Closed Bug 1650398 Opened 1 year ago Closed 1 year ago

27.7 - 38.75% raptor-tp6-google-firefox-cold replayed (linux64-shippable, windows10-64-shippable, windows7-32-shippable) regression on push f0365e7eadd029a669a72bc6cb9c5171e735d3e2 (Wed June 3 2020)

Categories

(Core :: Panning and Zooming, defect, P2)

79 Branch
defect

Tracking

()

RESOLVED WONTFIX
Tracking Status
firefox-esr68 --- unaffected
firefox-esr78 --- unaffected
firefox78 --- unaffected
firefox79 --- wontfix
firefox80 --- wontfix

People

(Reporter: Bebe, Assigned: botond)

References

(Regression)

Details

(Keywords: perf, perf-alert, regression)

Perfherder has detected a raptor performance regression from push f0365e7eadd029a669a72bc6cb9c5171e735d3e2. As author of one of the patches included in that push, we need your help to address this regression.

Regressions:

39% raptor-tp6-google-firefox-cold replayed windows10-64-shippable opt 812.71 -> 497.75
37% raptor-tp6-google-firefox-cold replayed windows7-32-shippable opt 740.00 -> 466.17
28% raptor-tp6-google-firefox-cold replayed linux64-shippable opt 850.29 -> 614.75

Improvements:

64% raptor-tp6-google-firefox-cold loadtime windows7-32-shippable opt 1,101.83 -> 397.08
58% raptor-tp6-google-firefox-cold loadtime windows10-64-shippable opt 1,112.67 -> 464.50
31% raptor-tp6-google-firefox-cold not-replayed windows10-64-shippable opt 233.08 -> 160.33
23% raptor-tp6-google-firefox-cold windows7-32-shippable opt 385.83 -> 298.67
21% raptor-tp6-google-firefox-cold windows10-64-shippable opt 384.43 -> 304.04

Details of the alert can be found in the alert summary, including links to graphs and comparisons for each of the affected tests. Please follow our guide to handling regression bugs and let us know your plans within 3 business days, or the offending patch(es) will be backed out in accordance with our regression policy.
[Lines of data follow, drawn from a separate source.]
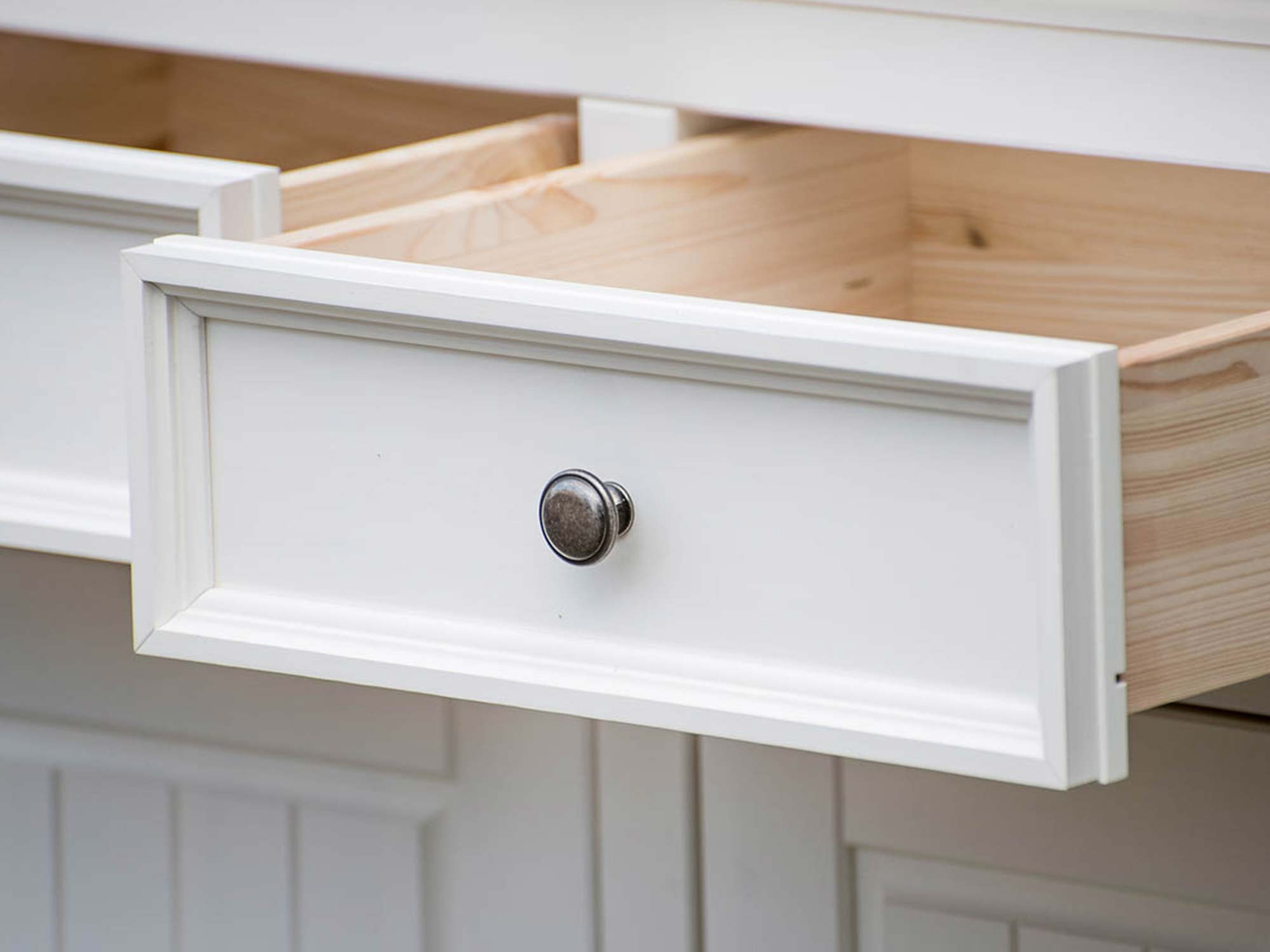 Biała klasyczna komoda drewniana szuflada otwarta INGRID
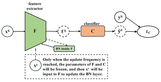 Step 1: Only the samples divided from the source domain data are input into F by batch, and the classified results are predicted by C.
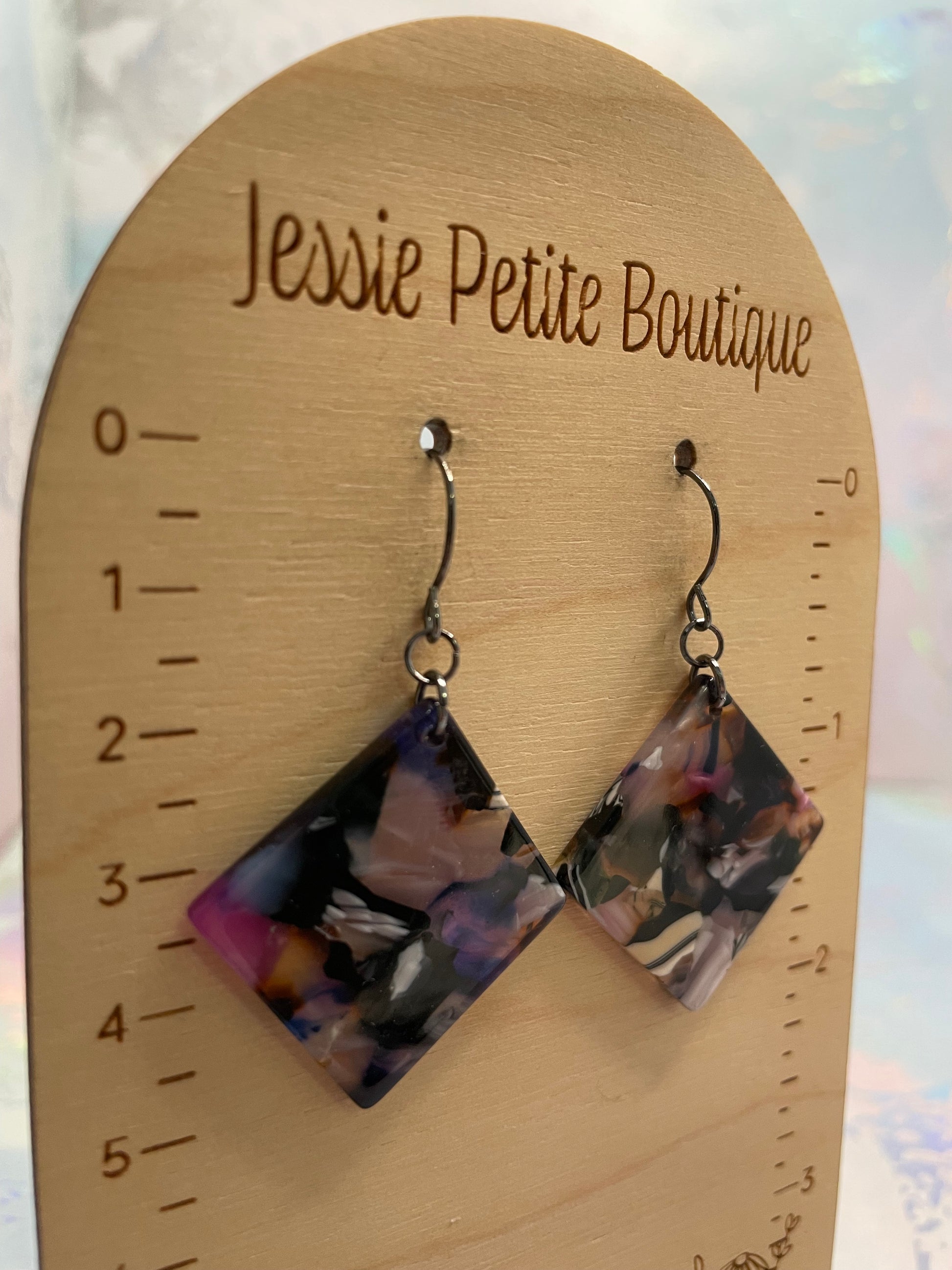 Ces boucles d’oreilles pendantes carrées présentent un motif abstrait audacieux mêlant le noir profond à des nuances de mauve, rose poudré, ambre chaleureux et ivoire délicat. Chaque pièce possède un marbrage unique, rendant chaque paire véritablement unique.

For more information on performance sheriffing please see our FAQ.

Flags: needinfo?(botond)
Component: Performance → Panning and Zooming
Product: Testing → Core

Opening the page locally it looks the same but we need to make sure we are not loosing and valuable requests

Will have a look.

Assignee: nobody → botond
Flags: needinfo?(botond)

Looking over the mitm_netlocs artifacts for before/after the regression there appear to be some page loads that are not requesting certain URLs. For example, both include 25 requests for https://www.google.com/search?hl=en&q=barack+obama&cad=h (the test URL), but the image at https://encrypted-tbn0.gstatic.com/images?q=tbn:ANd9GcT15FuICR-PSp1_Pv6dLvbYjyu8eUyhMynwX664i0T78vfZYo9YPL_KsVE is requested 16 times in 9c0a4461457638440c1383f3a42f51c3d18f7c69 but only 11 times in f0365e7eadd029a669a72bc6cb9c5171e735d3e2. As every load should be identical, even having 16 requests out of 25 is concerning.

Where are these requests recorded? I assume somewhere within the network code? The image cache can mean the network code never knows about an image request.

we have request recordings done using mitmproxy and these requests are replayed using the same tool.
During playback re record the url we got a request for and the status code we(the tool) replys with and generate the replayed, not-replayed, and confidence metrics

botond: Triaging as REO for 79 - can you set a priority and severity on this bug?

Flags: needinfo?(botond)

Marking as P2 until we understand better what's going on here.

However, my investigation so far is pointing to bug 1611660 not being the culprit here.

I ran two Try pushes:

I ran Raptor tests on Linux x64 shippable, and retriggered the google-c job 10 times in each Try push.

I then entered these two revisions into the Perfherder compare view and looked at the entry raptor-tp6-google-firefox-cold replayed opt, which shows the expected 10/10 runs.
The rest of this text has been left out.